Start of Available data
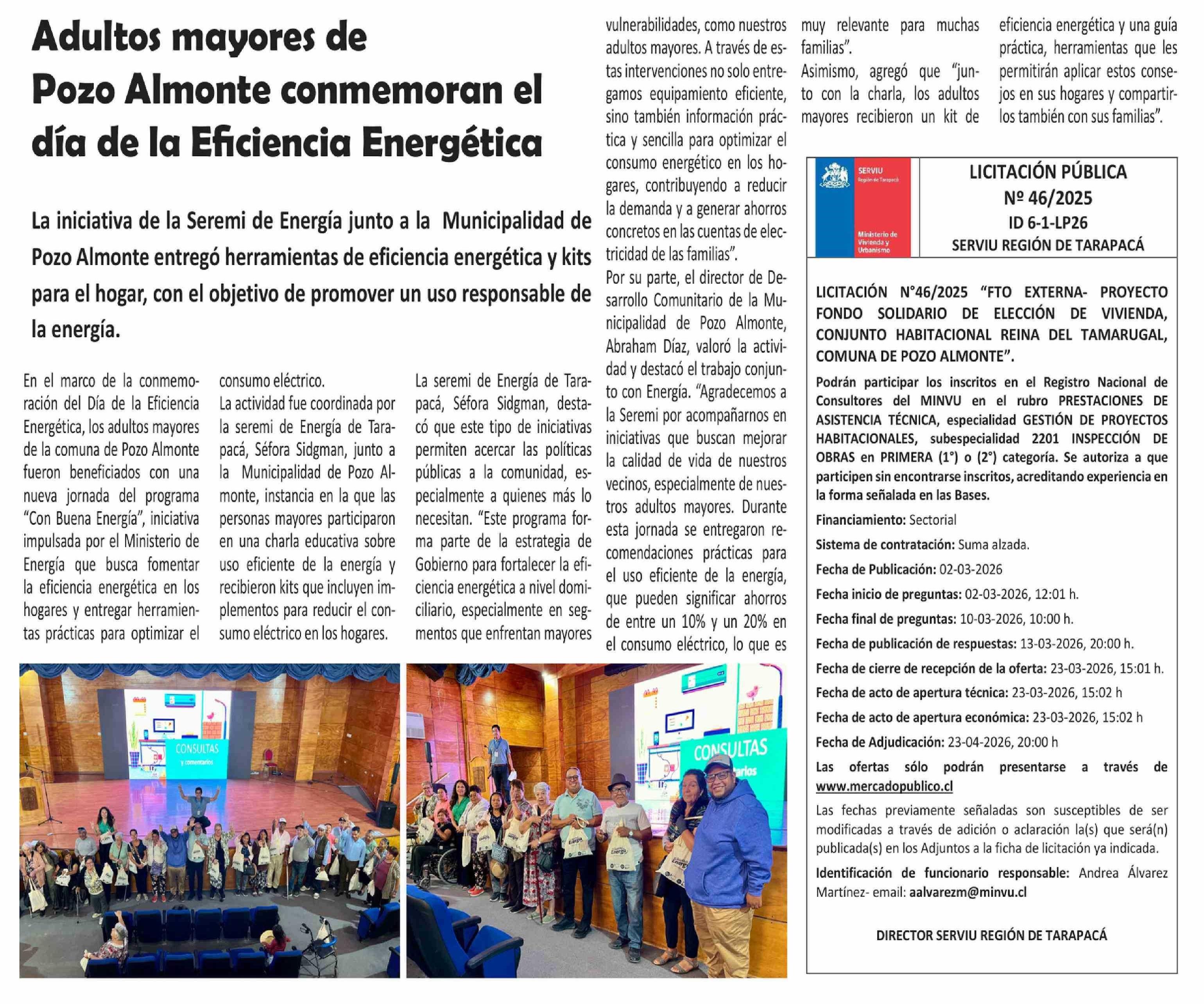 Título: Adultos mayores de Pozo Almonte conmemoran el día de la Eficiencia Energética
End of Available data
Start of Available data
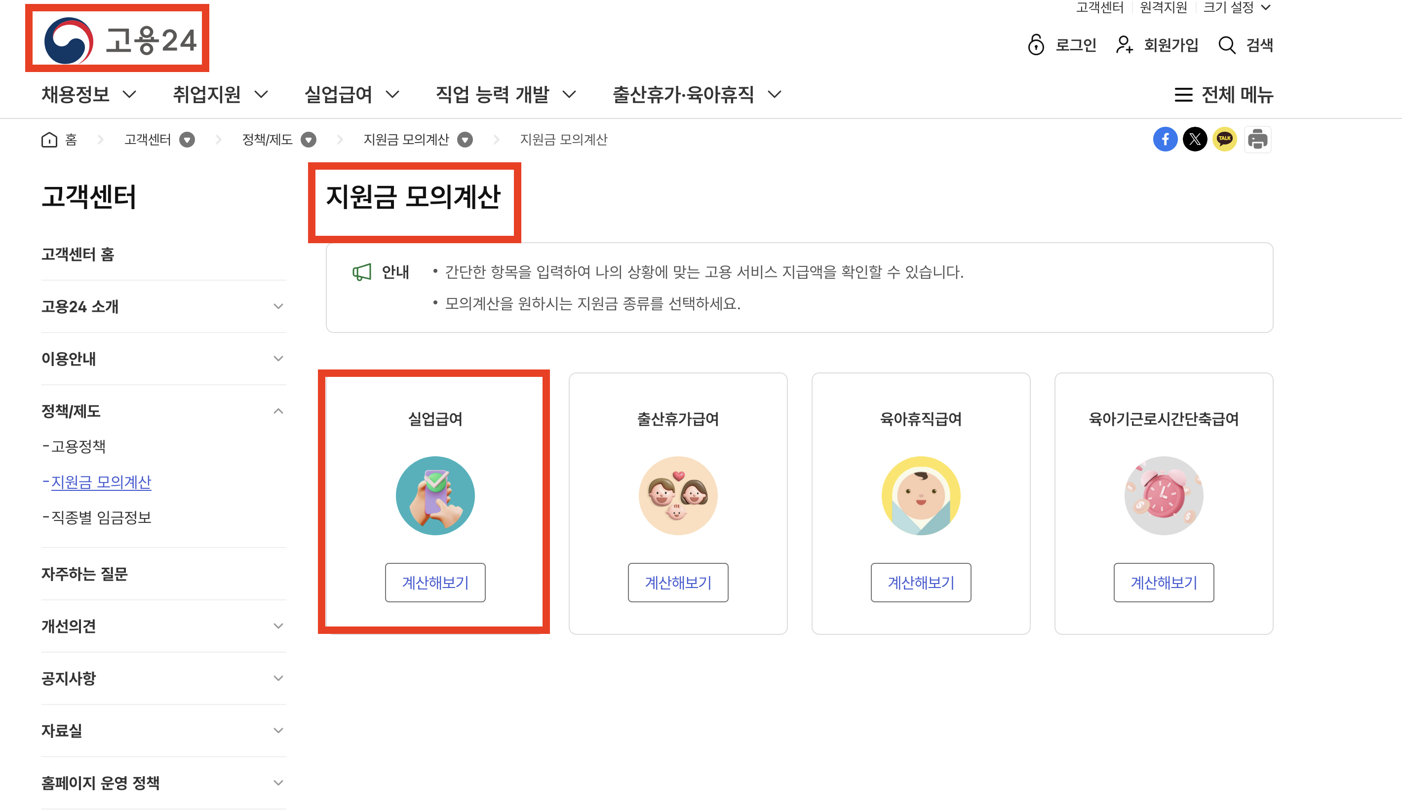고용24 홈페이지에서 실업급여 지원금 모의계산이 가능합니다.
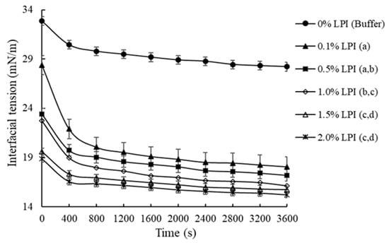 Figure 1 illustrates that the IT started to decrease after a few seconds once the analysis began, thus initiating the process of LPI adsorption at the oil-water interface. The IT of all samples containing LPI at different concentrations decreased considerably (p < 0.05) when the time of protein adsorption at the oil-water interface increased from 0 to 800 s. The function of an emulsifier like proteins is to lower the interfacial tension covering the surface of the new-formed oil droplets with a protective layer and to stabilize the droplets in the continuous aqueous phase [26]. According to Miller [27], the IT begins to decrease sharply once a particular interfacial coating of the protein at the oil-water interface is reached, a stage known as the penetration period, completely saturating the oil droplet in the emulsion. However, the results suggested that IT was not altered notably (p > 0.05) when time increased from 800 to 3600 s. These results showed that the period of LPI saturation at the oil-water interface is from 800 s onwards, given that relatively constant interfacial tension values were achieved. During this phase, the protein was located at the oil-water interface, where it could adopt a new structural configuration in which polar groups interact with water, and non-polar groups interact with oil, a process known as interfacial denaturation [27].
End of Available data
Assignment: Copy the lines above exactly, starting at the one with "고용24 홈페이지에서 실업급여 지원금 모의계산이 가능합니다." and ending at the one with "Figure 1 illustrates", both included. Leave out any pictures and add nothing else.

Result for this exercise:
고용24 홈페이지에서 실업급여 지원금 모의계산이 가능합니다.
 Figure 1 illustrates that the IT started to decrease after a few seconds once the analysis began, thus initiating the process of LPI adsorption at the oil-water interface. The IT of all samples containing LPI at different concentrations decreased considerably (p < 0.05) when the time of protein adsorption at the oil-water interface increased from 0 to 800 s. The function of an emulsifier like proteins is to lower the interfacial tension covering the surface of the new-formed oil droplets with a protective layer and to stabilize the droplets in the continuous aqueous phase [26]. According to Miller [27], the IT begins to decrease sharply once a particular interfacial coating of the protein at the oil-water interface is reached, a stage known as the penetration period, completely saturating the oil droplet in the emulsion. However, the results suggested that IT was not altered notably (p > 0.05) when time increased from 800 to 3600 s. These results showed that the period of LPI saturation at the oil-water interface is from 800 s onwards, given that relatively constant interfacial tension values were achieved. During this phase, the protein was located at the oil-water interface, where it could adopt a new structural configuration in which polar groups interact with water, and non-polar groups interact with oil, a process known as interfacial denaturation [27].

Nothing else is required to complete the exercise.